### Problem to work on
Transcribe the listing below exactly, from its first line through the line with "I created this". Omit the pictures.

### Dataset section
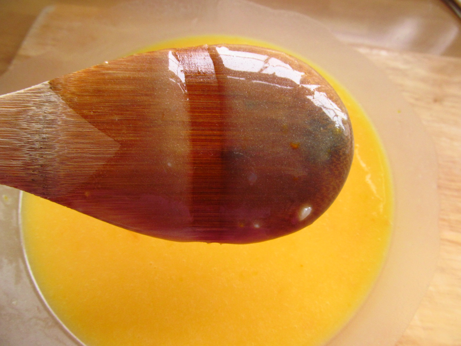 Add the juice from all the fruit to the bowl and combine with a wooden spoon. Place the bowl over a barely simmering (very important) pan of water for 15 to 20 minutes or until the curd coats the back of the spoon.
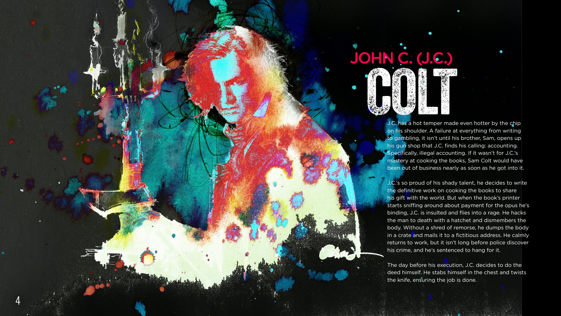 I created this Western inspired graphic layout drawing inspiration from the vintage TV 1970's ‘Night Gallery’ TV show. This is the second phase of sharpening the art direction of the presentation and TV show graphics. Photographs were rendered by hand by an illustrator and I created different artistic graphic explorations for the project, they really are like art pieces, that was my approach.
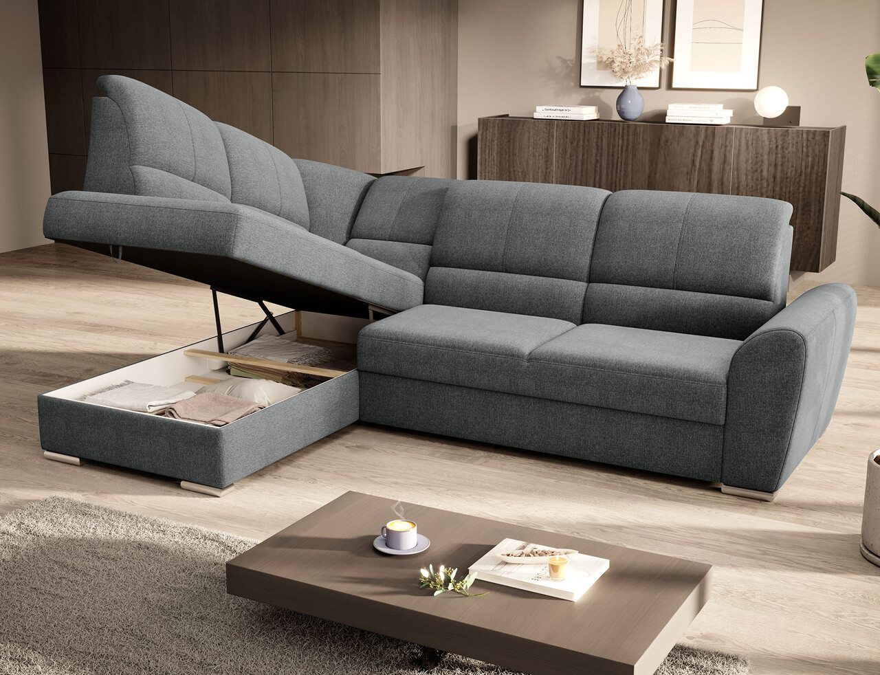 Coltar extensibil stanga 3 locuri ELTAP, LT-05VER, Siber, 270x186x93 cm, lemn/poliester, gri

### Reply to the task
 Add the juice from all the fruit to the bowl and combine with a wooden spoon. Place the bowl over a barely simmering (very important) pan of water for 15 to 20 minutes or until the curd coats the back of the spoon.
 I created this Western inspired graphic layout drawing inspiration from the vintage TV 1970's ‘Night Gallery’ TV show. This is the second phase of sharpening the art direction of the presentation and TV show graphics. Photographs were rendered by hand by an illustrator and I created different artistic graphic explorations for the project, they really are like art pieces, that was my approach.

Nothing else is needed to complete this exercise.